The only exception is Zelda II, which was written as a sequel to The Legend of Zelda in the same way that the Book of Mormon is a sequel to the Bible. It's accepted as canon by a small group of zealous devotees, but it's just an interesting footnote to everyone else.
Hyrule Historia is the King James Bible of the Zelda mythos: it's a quasi-official version of the legend released by a ruling body who claims to have the authority to do this, but it's just as flawed as any other interpretation. Some people with a need for organizational certainty accept that HH is the real, official version of the legend and that's that, but the story of Link, like the story of Jesus, transcends any one text.

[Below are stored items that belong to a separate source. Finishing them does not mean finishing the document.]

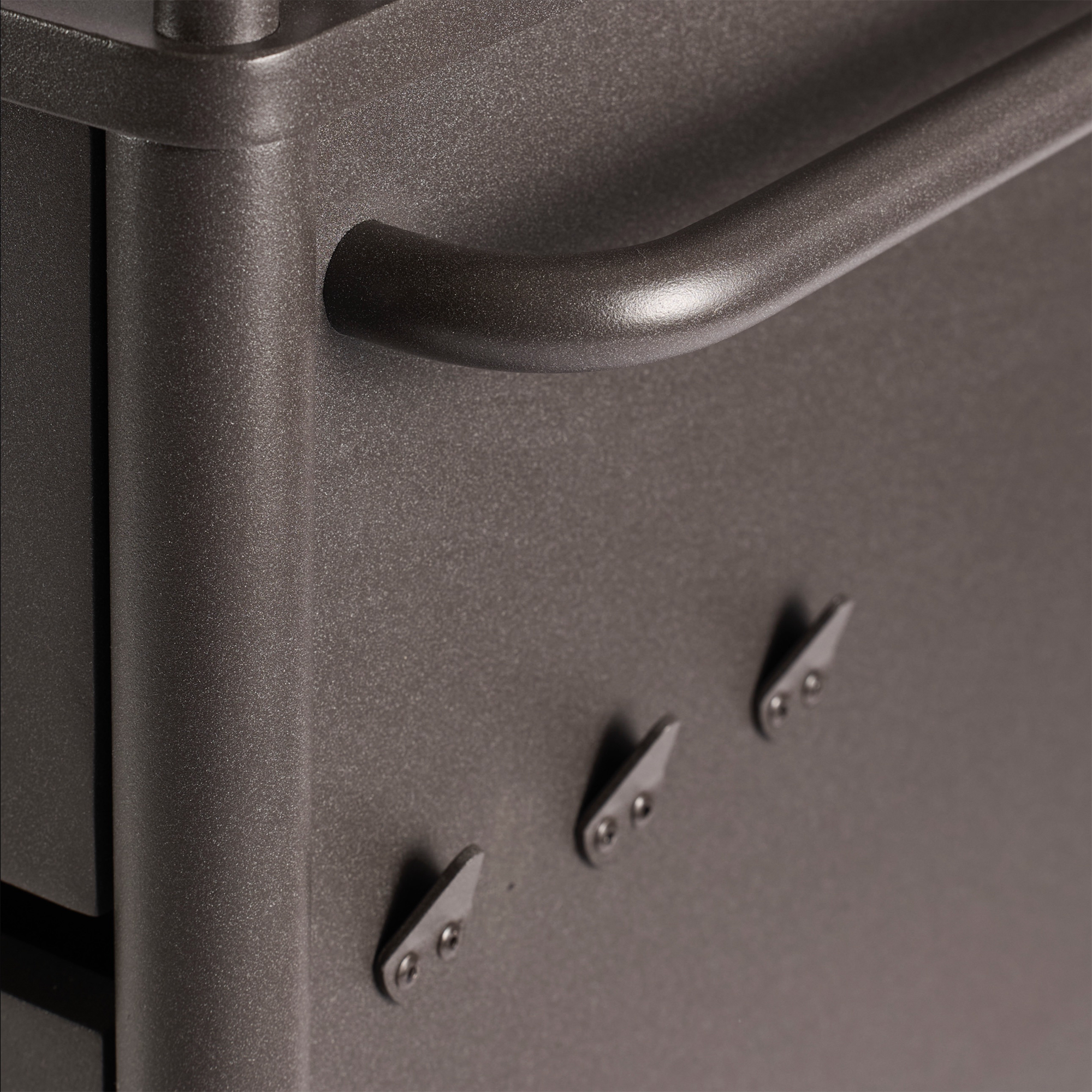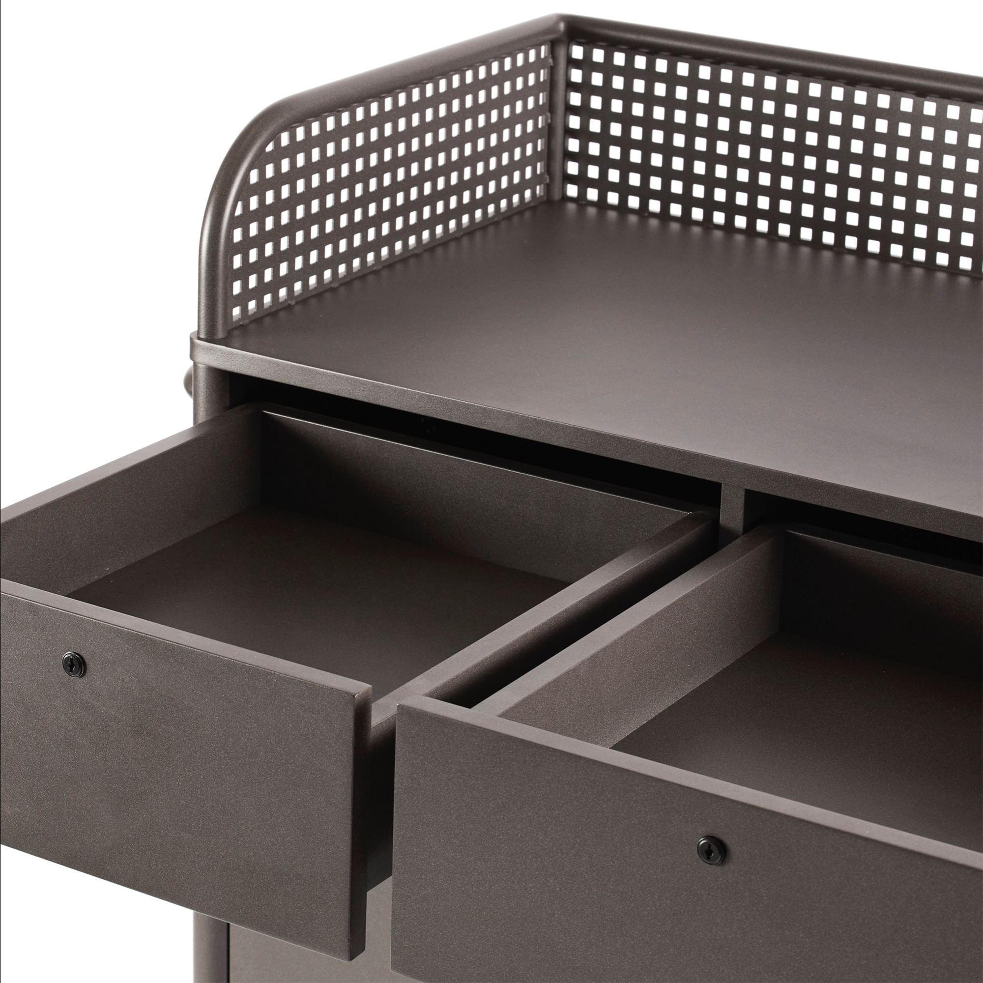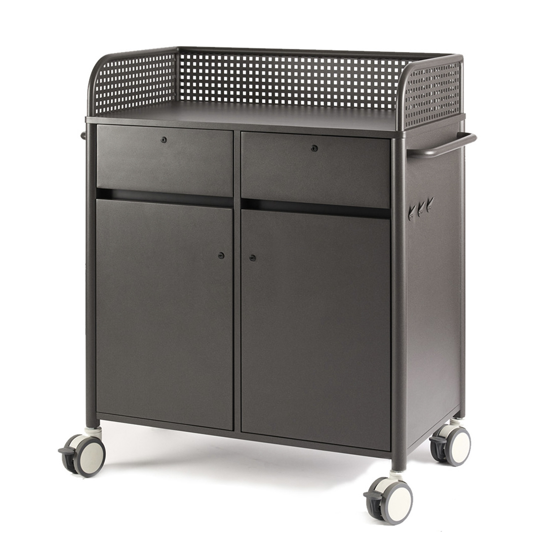 Tarjoilukärry pyörillä. Tilavat laatikot ja hyllyt. Liukuovi roskakorilla ja pyyhekoukuilla.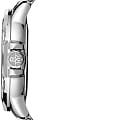 Циферблат с метками в виде штрихов покрыт прочным сапфировым стекломСапфировое стеклоПрочный и надёжный материал из кристалла сапфира синтетического происхождения, характеризующийся особой твёрдостью и устойчивостью к царапинам и повреждениям., которое защищает часы от царапин.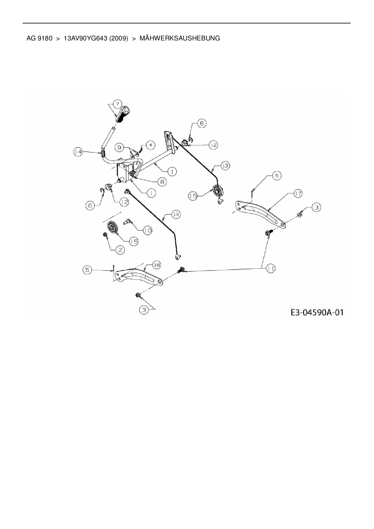 Ersatzteile für Rasentraktor Yard-Man AG 9180 aus der Zeichnung Mähwerksaushebung:

@matt yes but kjv must be the right bible version
because in the musical joseph has a coloured coat
and kjv is the only one where his coat is coloured
therefore it cant not be the most accurate
@matt on a more serious, i like a lot of what youve just said, but i think that the most important aspect of the king james is that it was in english. i dont know how thatd fit into the analogy, but it was only by enforcing it as the correct interpretation that the english version got any real uptake.
thats how i see it anyway. i dont think the great bible or the bishop bible got pushed as much, which meant that priests could continue to keep bollocking their congregations.
@twee Yeah, I'm not really up on my bible history, so I'm sure this is a gross oversimplification, but I appreciate the thoughtful reply!